Let $Y=-\log{X}$ and $X$ has pdf given by:
$f_X(x)=\frac{(n+m+1)!}{n!m!}x^{n}(1-x)^m; 0<x<1$. Find the pdf of $Y$.
MY WORKING
Since pdf of $Y$ equals the derivative of cdf of $Y$ first we find cdf then go for pdf.
Now the cdf is given by: $P(Y\leq y)=P(-\log{X}\leq y)=P(y\geq \log{X})=P(X\leq e^{y})=\int_{0}^{e^{y}} \frac{(n+m+1)!}{n!m!}x^{n}(1-x)^m \,dx$. I am not sure whether I have gone okay so far, if yes then I am not able to simply the integral expression further. Kindly guide me
I would suggest we find pdf directly using change of variable.

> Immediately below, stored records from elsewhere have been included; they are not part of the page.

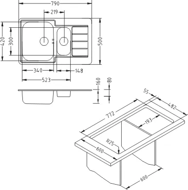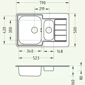 vnitřní rozměry dřezu: 420x340/300x148mm
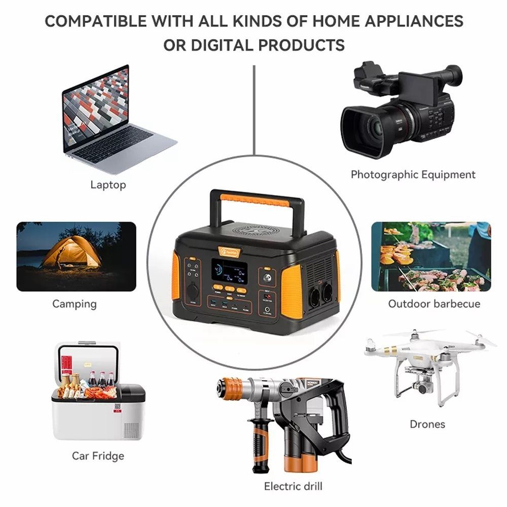 • FlashFish J1000Plus обеспечит достаточное количество энергии для работы основных устройств в течение нескольких часов в зависимости от фактической мощности.
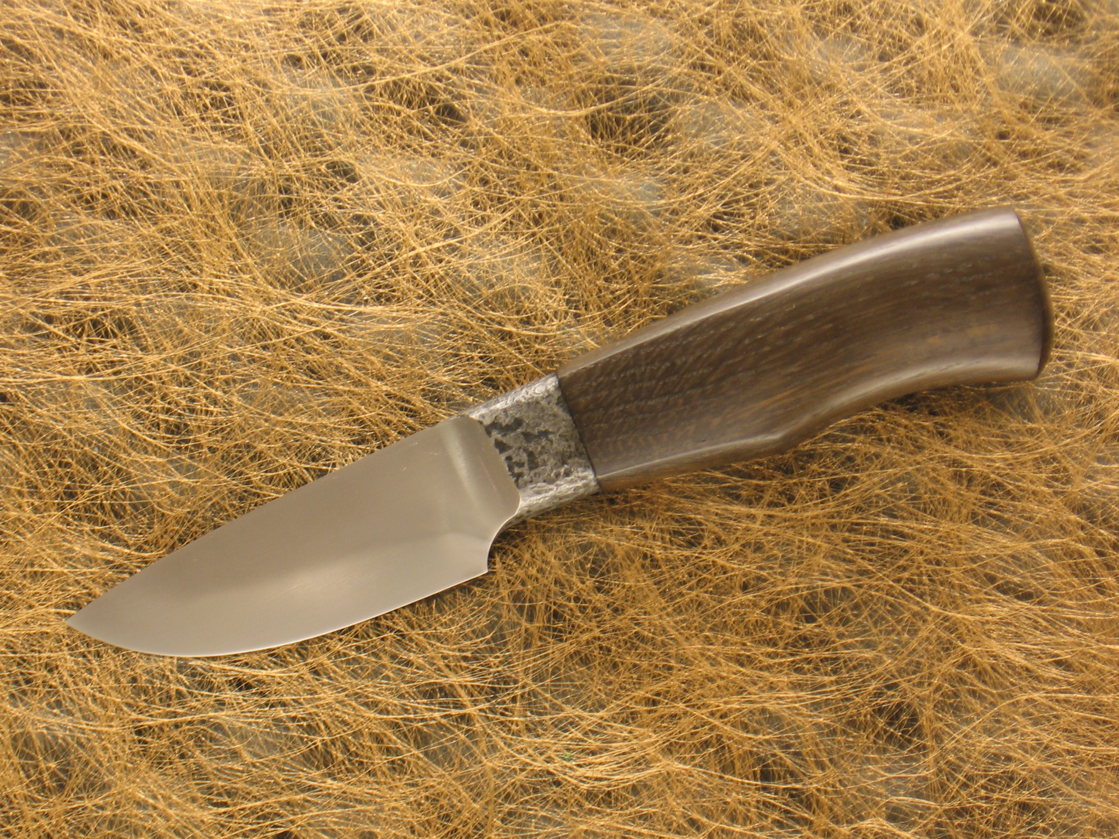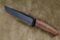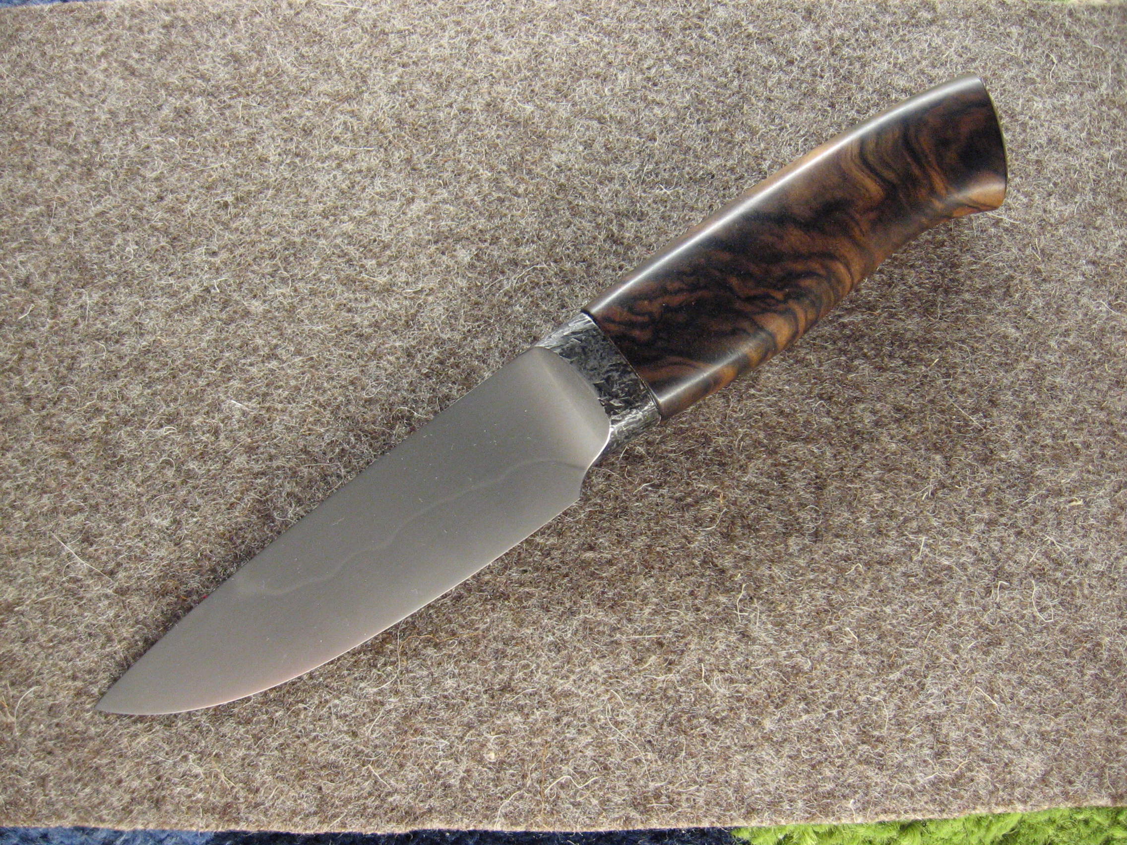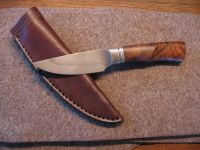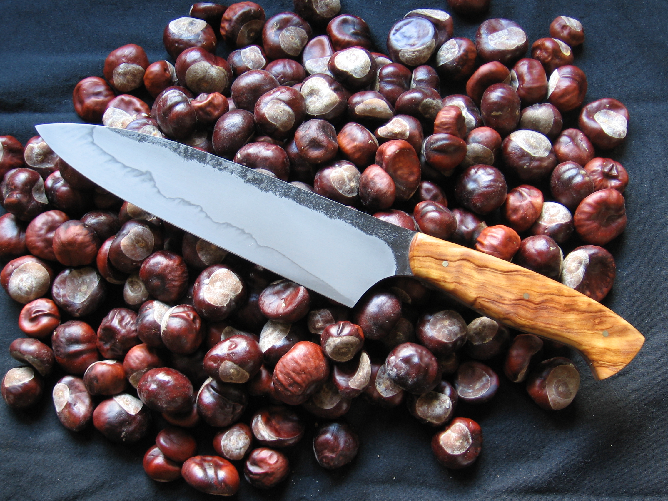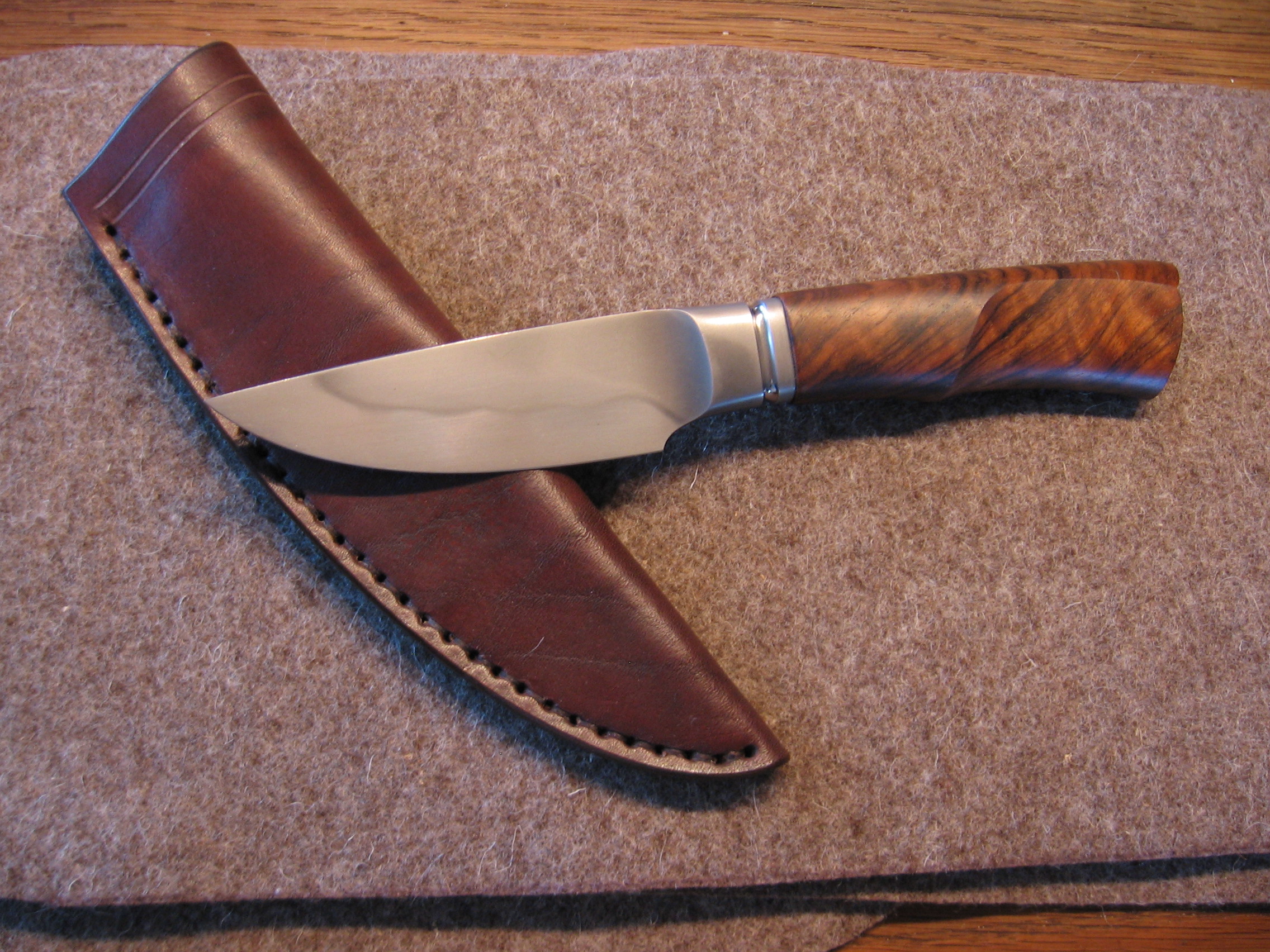 Ich schmiede die Klingen der Messer aus unlegiergten und niedriglegierten Stählen. Die Arbeit beginnt mit der Stahlauswahl. Wie bei vielen Dingen muß auch hier Material und Nutzung zusammen passen. Für die Damastklingen stelle ich den Damast selbst her. Für die Griffe verwende ich natürliche Materialien wie Holz, Horn, Geweih und Knochen. Die Lederscheiden werden aus hochwertigem Blankleder von Hand genäht.

$f_X(x)=\frac{(n+m+1)!}{n!m!}x^{n}(1-x)^m; 0 \lt x \lt 1$
$Y = g(X) = - \ln X $
As $g(X)$ is differentiable and a strictly decreasing function in $0 \lt X \lt 1$, we can use transformation technique,
$f_Y(y) = f_X(g^{-1}(y)) \left|\frac{dx}{dy}\right|$
$ = f_X(e^{-y}) \ e^{-y}$
$ = \displaystyle \frac{(n+m+1)!}{n! \ m!} e^{-(n+1)y}(1-e^{-y})^m \ , \ 0 \lt y \lt \infty$